Durham schools chief Becoats resigns amid criticism

jalexander@newsobserver.comDecember 19, 2013 

— Durham schools superintendent Eric Becoats has resigned effective Dec. 31, in the wake of several financial issues.

The school board, after meeting in hourlong closed session Thursday night, accepted his resignation in a 4-3 vote, split along racial lines. White members voted to accept his resignation, while black members voted to reject it. The board had previously voted not to extend Becoats’ contract when it was to expire in 2016.

The resignation agreement Thursday states: “Dr. Becoats and the Board recognize that fundamental differences have arisen between the superintendent and board over the best way to govern Durham Public Schools.”

The board will pay Becoats a one-time severance payment, on or before Dec. 31, worth $298,072.54 minus tax, retirement and other deductions as determined by the finance officer. Those funds will come from the school system’s local unrestricted fund balance.

Becoats’ contract, worth $215,848.56 annually, ran through 2016. He spent three years as Durham Public Schools’ superintendent.

A troubled year

The past year, however, has been rocky.

Last week, an audit revealed the schools had $15 million more in unassigned funds than the board originally reported.

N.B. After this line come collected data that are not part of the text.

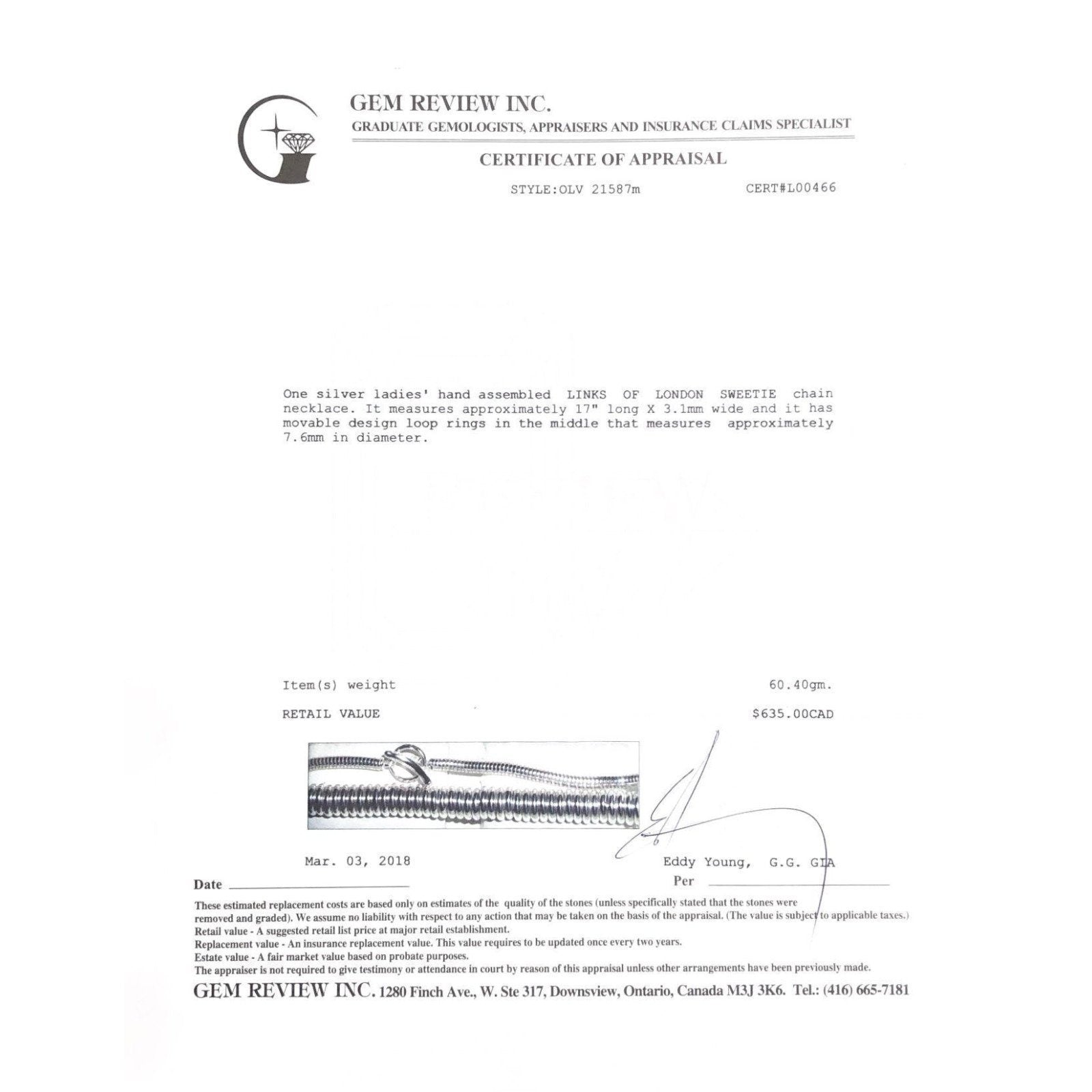 The necklace version of the signature sweetie bracelet. Sterling Silver rings on a sterling silver snake cord. Approximately 17" long x 3.1mm wide; Comes with Gem Review Apprasial
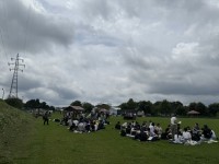 ミルクランドにて。クラスごとに記念撮影をした後、レジャーシートを敷いて、学園で作...
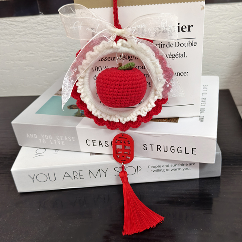 仿真苹果车载挂件汽车平安车挂手工diy材料包毛线编织平安夜礼物
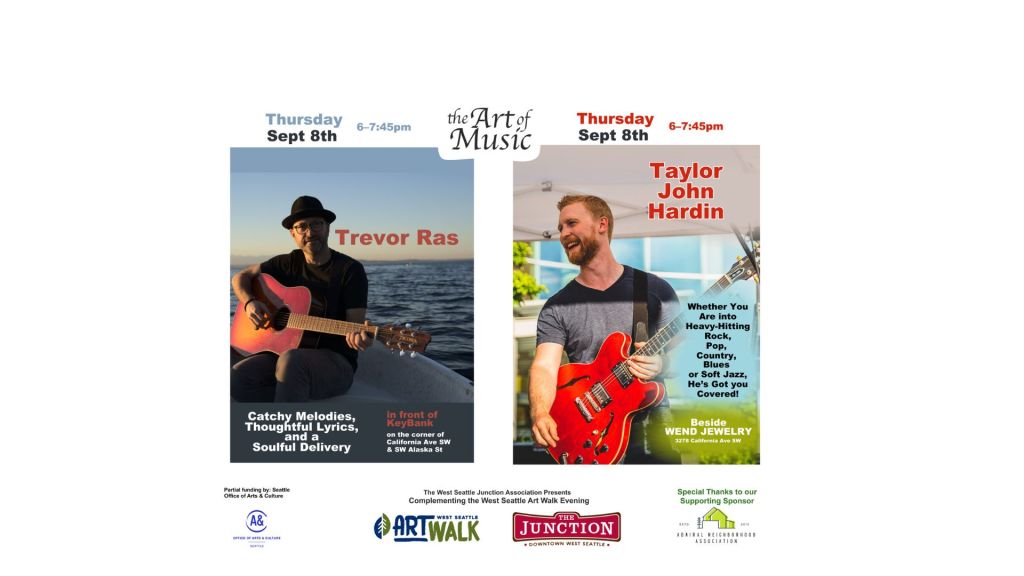 Come enjoy live music at the Art Walk! The Art of Music is in Admiral and Alaska Junctions.

Board Chairwoman Heidi Carter said she had reached out to the commissioners in June because the school board thought it had only $4 million in unassigned funds, far less than the typical $16 million the board has normally kept in the account to help offset state budget cuts. The commissioners allocated another $2.4 million.

Carter said Becoats had provided the board with bad financial information, prompting the county commissioners to ask the school board Tuesday for an explanation of how the mistake was made.

But no one knew.

In October, records revealed Becoats spent $20,157.86 on his district-issued credit card from July 2012 to June 2013 for out-of-state conferences, dinners and lunches with colleagues, economy-class air travel, hotels, room service, limousines from the airport, meetings, workshop supplies, flowers for recognition of employee achievements and gifts to a host family in Mexico.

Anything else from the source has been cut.